The California State Health and Safety Code states that food, which is cooked twice, meaning it was cooked once, served, and then re-cooked for serving, cannot be served. Since food cannot be reheated for serving, the most common things that are disposed of are cooked food items such as soup, meats and foods that are past their expiration date, said the anonymous employee.
The amount of food that is disposed of varies from day to day and greatly depends on the size of the dining facility, the amount of business and if the food is prepared in advance or upon orders.
The Avenue, for example, is among the largest dining facilities on campus, serves the widest variety of food options, and has food prepared in advance, such as large pots of soup or salad bar items. The amount of food that must be disposed of from The Avenue has the potential to be greater than the amount disposed from BackStage Pizza simply because the amount of people they serve is greater and consequently the amount of food provided and prepared is greater.
The Avenue disposes of between five to 20 pounds of food daily, depending on the day, according to estimates from an anonymous employee.
BackStage Pizza, on the other hand disposes of about two pizzas a day. BackStage Pizza has less food options, which makes it easier to make food upon receiving orders. It also has and a smaller seating area, creating a smaller customer base at any given time.
As for actual disposal methods, Cal Poly dining facilities gives produce scraps to the Cal Poly Organic Farm for composting, generally when they have a lot of extra food. Otherwise, small amounts of food are disposed of in dumpsters.
While some food must be thrown away due to state health laws, some of the food not sold at the end of a day can be donated to the Food Bank Coalition of San Luis Obispo County.
Brent Mooney, the manager of the food services warehouse, calls the food bank when they have donations, which is one to two times a week.
“I like to see the stuff stay out of landfill,” Mooney said. “As long as it’s going to a good use, that’s all that matters.”
Carl Hansen, the executive director of the Paso Robles Food Bank warehouse, said that generally the kinds of food that campus dining uses on a daily basis cannot be donated because of packaging restrictions.
“We generally can’t accept foods that have been prepared for serving,” Hansen said. “We’re not equipped for breaking it down into individual servings. For example, if they had a vat of lasagna leftover, that would not be the best for donating because someone would have to repackage it to be distributed.”
While food items, which are cooked and served, are not optimal for donation, foods such as breads, packaged and canned foods are easier to deal with.
Jim Lewis, the manager of the Oceano Food Bank warehouse, who handles most of the donations from Cal Poly said that the donations can be as frequent as several times a week to as infrequent as once a month.

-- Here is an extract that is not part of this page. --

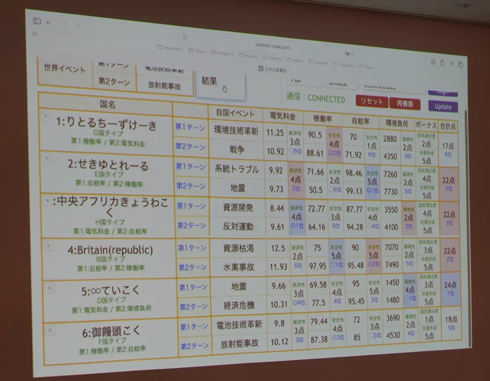 「エネルギー大臣になろう!」の後半戦スタート!世界イベントでは「放射能事故」が発生しましたが、原子力発電所をたくさん建てたチームは果たして・・・結果は「∞ていこく」が優勝しました!エネルギーミックスの難しさを痛感しました。

Typical high donation times are at the end of quarters or before holiday breaks.
Any food donated to the food bank goes toward halfway houses, homeless shelters, women’s shelters, some of which include the Prado Day Center, the Maxine Lewis Memorial Shelter and the Women’s Shelter.
As of today, Cal Poly has donated 15,941 pounds of food to the food bank and Lewis hopes that Cal Poly dining facilities will continue donate what food they can.
“I don’t turn down food. I can find a home for almost anything,” Lewis said. “I hate to see food go to waste more than anyone, so I hope that they come to us before they throw it out.”